The mistake made by many an atheist, and not understood at all by religious types, is in not realising that atheism is a perspective, not a philosophy. It is a one-dimensional viewpoint carrying no values, that the world should be understood as not being created or influenced by gods. After that, atheists have to find their own path of exegesis.
Compare that to the solidity of religion which offers to fulfil the deep human needs of ritual, connection, and inspiration. But religious faith goes further than codifying mores, moving into areas of unverifiable conjecture.

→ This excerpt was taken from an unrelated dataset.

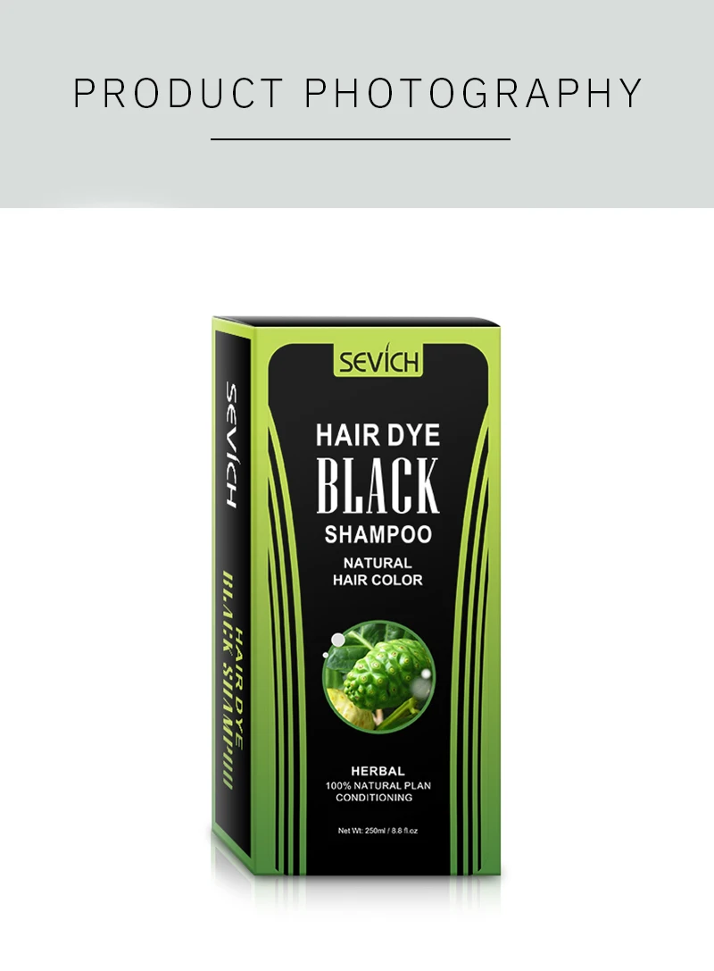 Sevich Natural organic Fast Hair Dye Shampoo Black Hair Shampoo White Grey Hair Cover Up Plant Essence Hair Color Product 250ml

There’s no question that the atheistic viewpoint is correct. The spiritual viewpoint lacks the coherence required to construct a realistic world-view; it will be too obsessed with revealing 'The Truth'. It requires explicit and exclusive use of the imagination with support of possibly psychopathic spruikers, and is thus strictly individual to all seven billion-odd of us, albeit channelled along cultural lines. On the other hand, atheism offers no way to run a society of an advanced species. For this you need a mechanism that has evolved in parallel with it to ensure societal cohesion through a belief in shared values.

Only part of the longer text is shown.